Incomplete immersion of the motor-compressor 33 provides various advantages over the prior art method of total immersion. Specifically, incomplete immersion eliminates the possibility of the liquid 35 contaminating the electrical connections 44. Additionally, circulating water 39 may be pressurized without presenting any danger to electrical connections 44. Incomplete immersion also facilitates repair and replacement of the motor-compressor 33 resulting in excess of an 80% (1 hour versus 5 to 6 hours) service time savings for changing the mostly immersed motor-compressor 33 as compared to prior art systems where the motor-compressor is fully immersed. Moreover, the static liquid does not have to be drained and replaced. Systems having incompletely immersed motor-compressors are also easier to fabricate than conventional systems having fully immersed motor-compressors.
Subcooler 19, as shown in FIGS. 6-8, includes a tank 45 which contains the circulating water 39 before it enters the outer tank 31 and a subcooling coil 47. Circulating water enters the bottom of tank 45 at inlet 48 and exits the top of tank 45 at outlet 49. Subcooling coil 47 comprises a refrigerant input tube 50 which branches into a pair of tubes 51 connected in parallel.
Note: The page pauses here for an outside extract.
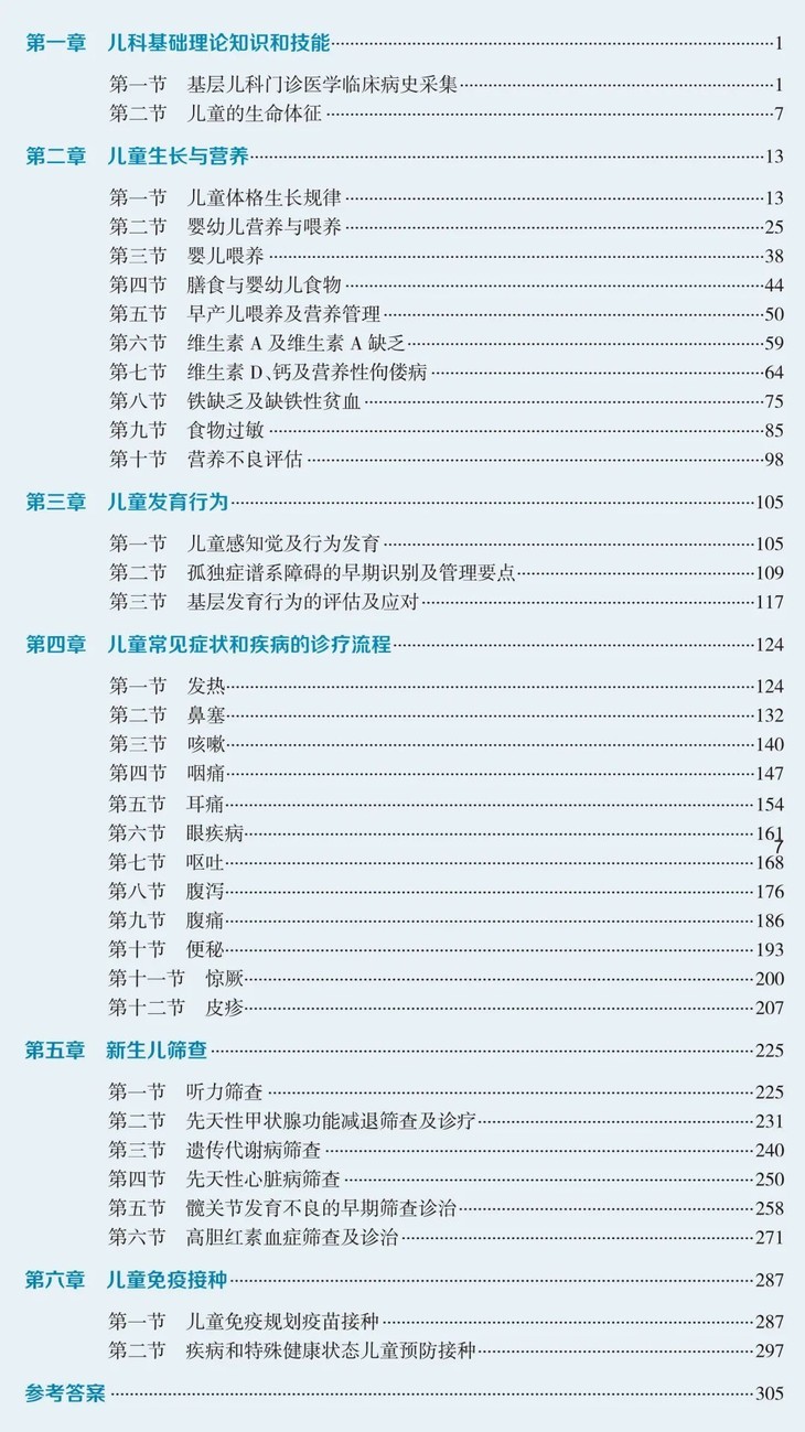 2. 共分为六章,内容包括儿科基础理论知识和技能、儿童生长与营养、儿童发育行为、儿童常见症状和疾病的诊疗流程、新生儿筛查、儿童免疫接种。

By providing a pair of tubes 51 there is twice the surface area for the same mass flow that would be provided with a single tube having twice the diameter. This increase in surface area enhances the transfer of heat between the refrigerant flowing within tubes 51 and the circulating water 39.
Tubes 51 are coiled in a helical fashion and extend throughout the length of the subcooler 19 and are joined at their ends to tube 53 which directs the flow of refrigerant to tube 55. Tube 55 extends vertically through the center of the helix formed by tubes 51 and includes a plurality of fins 57. Fins 57 further enhance the transfer of heat from the refrigerant to the circulating water 39.
In a typical heat pump system the refrigerant flows through tubes 51 at a temperature of about 130° F. to 160° F. depending upon the particular application or desired water temperature. Generally, if system 15 is utilized to heat water, for example, for a swimming pool, the temperature of the circulating water 39 in the subcooler 19 would be lower than if the circulating water 39 in system 15 were utilized to heat, for example, water for domestic heating. The higher the temperature of the refrigerant flowing in the subcooling coil 47, the more likely solids or minerals in the circulating water 39 surrounding the subcooling coil 47 are to go out of solution and adhere to the subcooling coil 47 and thermally insulate the coil. Deposits are more likely to be detrimental to finned tubes than they are to plain tubes because the space between the fins will eventually close rendering the fins useless. Thus, in order to prevent the clogging of the fins 57 of tube 55, the refrigerant is first cooled in plain tubes 51. After the refrigerant has passed through plain tubes 51 and lost a lot of its heat it then flows through the finned tube 55. Since the refrigerant is at a lower temperature when it enters finned tube 55 there is less of a chance of deposits forming on fins 57 thus resulting in optimum heat exchange.
Preferably, all of the tubes in the system 15 which are immersed in liquid or water and which serve to transfer heat such as tubes 51 and 55 are coated with PTFE (polytetrafluoroethylene). PTFE serves as an antistick coating which helps to keep the fins and tubes free of deposits.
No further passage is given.